My resource loader loads the defined resources too, and it gives a long handle to get them back once handled. Once they are loaded, I just copy them to these references and I can use them anytime. For example, when I want to draw the background, I can just say


renderer.draw(Resources.Textures.BACKGROUND, 0, 0, SCREEN_WIDTH, SCREEN_HEIGHT);

And it works just fine. The resource loader still keeps the resources in the HashMap, which will be released at the end. These are just references and this is how I do for my games. The above source is actually from my game Amoebam, my LD entry.

SHC, while that’s fine it quickly can become unmanageable for larger projects. I advise against storing your resource objects in static classes as fields.

There are two reasons you want to hold the most basic form of texture for use.

  1. No objects hidden behind objects managed by some manager. Just one manager will do and the only thing the manager should do is hold your resources to be deallocated. You should have some structure for dynamic loading, for you have the texture object. There is no need to order textures in a list for getting. This doesn’t apply when the textures are to be changed dynamically really fast, like in a tile editor, however the static ids for the tables get old and the dynamic index-deciding is tedious to make.
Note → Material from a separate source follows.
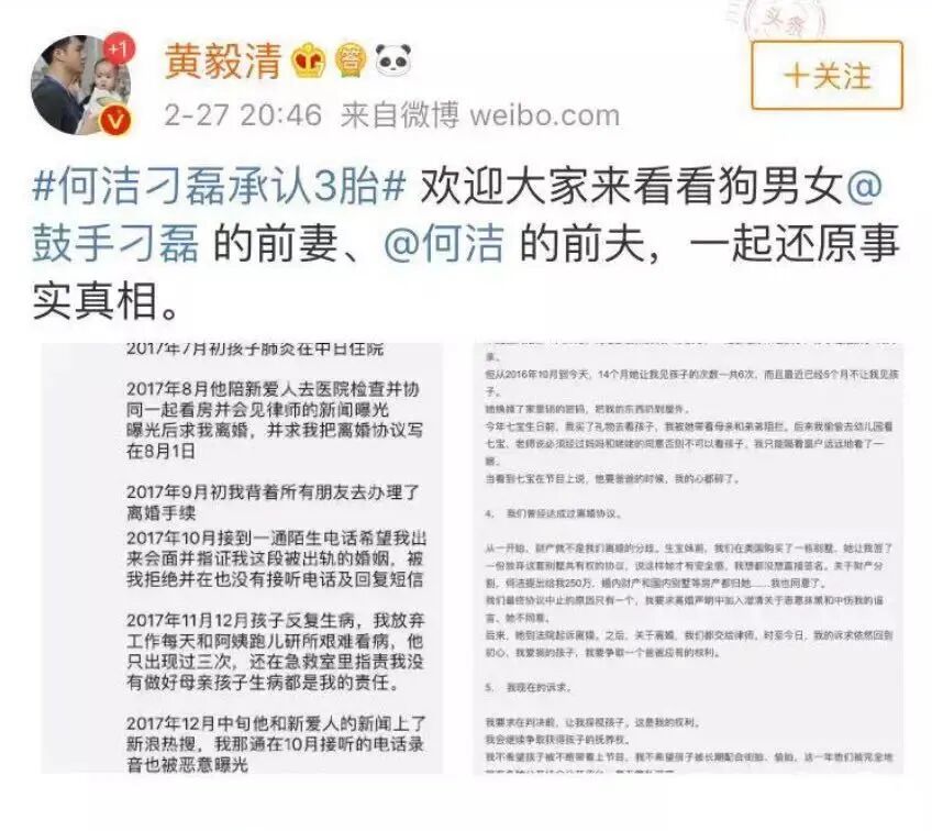 小黄是某种典型的富二代性格,嚣张又浮夸,口无遮拦,经常在网上掐架,没人能让他闭嘴。多年来小黄公开数臭前妻,咬着不放也就算了,他还喜欢插手别人家事。跟他完全没有的关系的何洁疑似婚内出轨新闻出来,他会在微博直接骂何洁刁磊“狗男女”、“不得好死”,纯吃瓜吃到这样激情四射也是没谁了。小黄张口就说有人吸食冰毒,他手上有对方吸毒的视频,并打包票对自己的言论负法律责任,言之凿凿。反正小黄说的小薛吸毒的视频我们到现在都没看到,他本人倒是因为吸毒进去了。说是对自己的言论负法律责任,但小黄在微博上张嘴瞎说被告败诉的例子还少吗。他口中的十恶不赦的前妻最终赢了名誉权官司,脸被打得啪啪响。

  2. Mass deallocation for scenes is important and you shouldn’t be looking to manage the existence of the textures outside of the AssetManager. The reason for this is it simply becomes a mess. The only time your scene cleanup is be called is either on exit/crash or on scene switch. There is no need to release the contents hidden inside the table when you can call a cleanup method. You don’t need to duplicate the data. You don’t need to iterate over the data to find a specific texture (please keep track of your textures ._. it isn’t hard).